Términos y condiciones de la información © El Mercurio S.A.P.

Las lumas y las dudas
Rafael Gumucio
Domingo 13 de Marzo de 2005, LUN.

Yo, como mucha gente, también quería a Gladys Marín, aunque seguro que la quería menos que Mauricio Israel, Hernán Larraín, Lily Pérez y otros cientos de figurones que asistieron al velorio de esta mujer que representaba todo lo contrario de lo que ellos representan.

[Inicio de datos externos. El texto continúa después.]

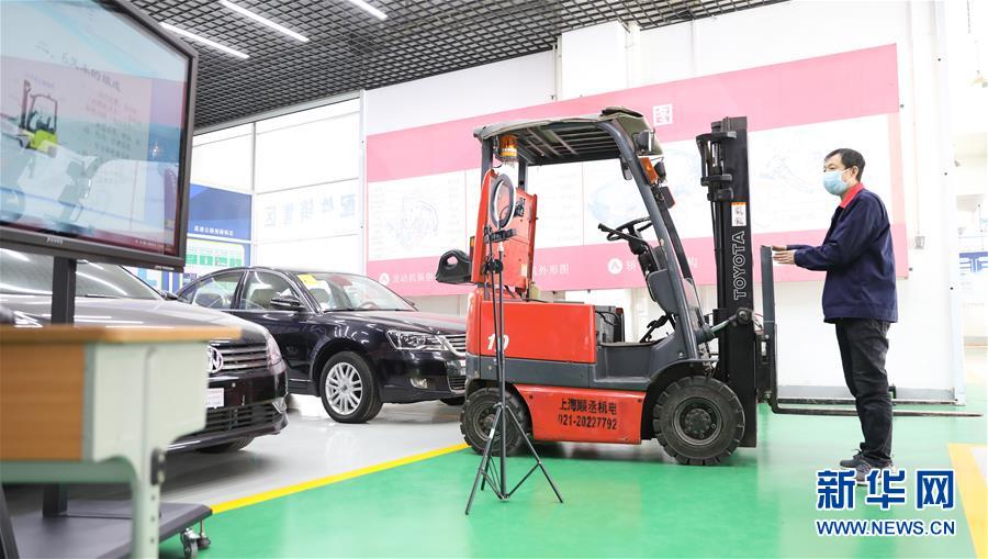 3月4日,职教城内的鞍山市交通运输学校的杨永祥老师为学生进行物流叉车实训网络授课。辽宁省鞍山市职教城内的各类职业教育学校从3月2日恢复网络授课以来,教师们设置了丰富多彩的课程,提高1万余名学生线上学习的积极性。新华社记者 姚剑锋 摄

Entrevisté a Gladys Marín tres o cuatro veces, las suficientes para percatarme de que estaba frente a una persona sensible, inteligente, culta y generosa, pero también inflexiblemente dogmática y cerrada cuando se tocaba el tema del sacrosanto pasado del Partido Comunista o de la sacrosanta Cuba de Fidel Castro. Pero me temo que tratar de recordar cómo hablaba, cómo actuaba, cómo pensaba Gladys Marín es, en este momento, inoportuno e innecesario.

En su gran mayoría, a las multitudes que el martes pasado acompañaban su féretro les importaba un pito Gladys Marín. Perfectamente podrían haber estado siguiendo los restos de Jaime Guzmán o del Gato Alquinta. En las grandes fiestas funerarias nacionales, el difunto es accesorio: lo importante es ejercer algo de ese voyerismo mortuorio al que somos tan adictos. La pena colectiva es una forma, como cualquier otra, de evadirse de la pena personal. Los homenajes unánimes son un modo de autocongratularse y manosearse el alma y, de paso, omitir los verdaderos defectos y cualidades del homenajeado.

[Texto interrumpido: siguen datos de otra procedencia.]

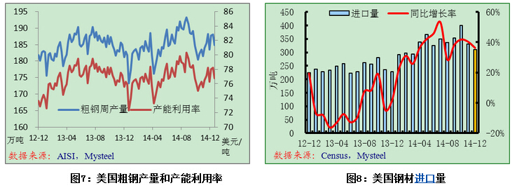 虽然美国钢铁需求旺盛,但美国钢厂受益并不多,2014年1-11月份美国粗钢产量为8096万吨,同比仅增长1.5%,钢厂的产能利用率为77.1%,同比仅提升0.3个百分点。与7%的需求增速相比,无论是产量增速,还是产能利用率提高幅度,均处于较低水平。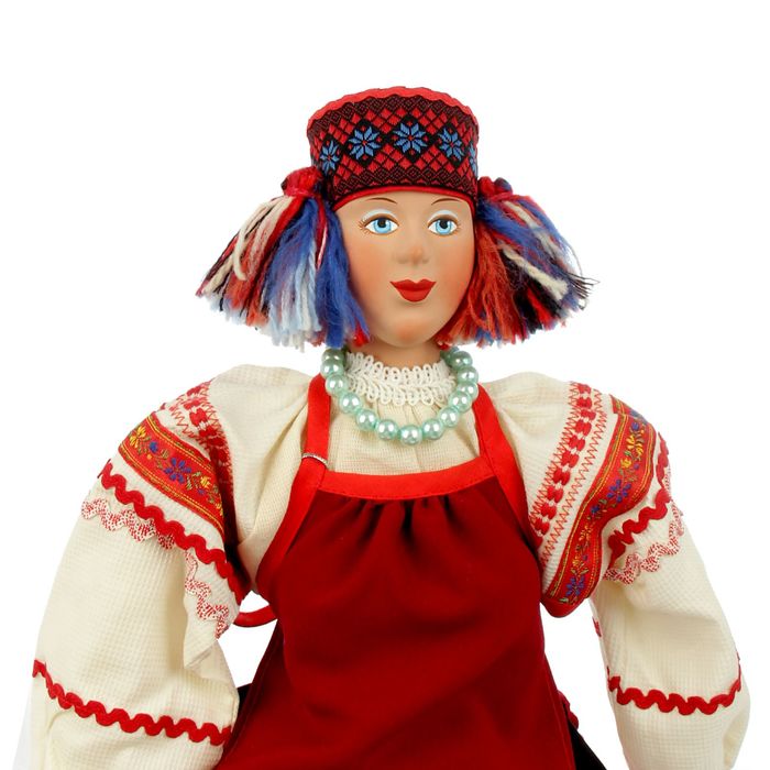 Сувенирная кукла выполнена российскими мастерами вручную, начиная от этапа замешивания фарфора и заканчивая росписью и пошивом наряда. Великолепное одеяние детально проработано, в нём чувствуется рука настоящего мастера, который кропотливо выкроил миниатюрные детали платья, используя несколько видов ткани.

En todos los panegíricos funerarios que se han hecho de Gladys Marín se ha destacado su consecuencia, en circunstancias que esa característica es quizás la peor parte de su legado. Si yo insisto durante toda mi vida que en verano nieva o que Temuco queda al lado de Antofagasta y no pacto con las estaciones ni con la geografía, no soy un ejemplo de consecuencia, sino de estupidez. Y Gladys Marín puede haber sido cualquier cosa, menos estúpida. Si insistía en defender lo indefendible no era por inocencia ni por ignorancia, sino porque necesitaba vivir bajo el abrigador techo de un dogma: era valiente para enfrentarse con los guanacos y las lumas, pero no con las dudas, con las ambigüedades de una realidad en la que el bien y el mal no vienen definidos desde Moscú o La Habana.

No era el marxismo el lastre de Gladys Marín, sino la fe de la niña que no quiere rendirse ante la realidad y adaptar a ella sus ideas, pues prefiere mantenerla congelada en la nostalgia. Ser consecuente es muy fácil, ya que tener una sola idea siempre cuesta menos que tener dos o tres. Lo realmente difícil es saber decepcionarse sin ser decepcionante, vivir las contradicciones sin ser contradictorio, ser capaz de ver los defectos de los demás sin por eso dejar de amarlos o por lo menos de comprenderlos.

Por eso los verdaderos héroes del entierro del martes pasado fueron los hijos de Gladys Marín: esos hombres que durante toda su infancia se vieron privados de su madre por culpa de esa consecuencia sin límites y que, a pesar del abandono, tuvieron la entereza moral de perdonarla y amarla y recuperar el tiempo perdido. El dolor de esos hijos, pero también su alegría y su integridad, son el auténtico legado de Gladys Marín, una mujer polémica, compleja, admirable, temible y entrañablemente valiente.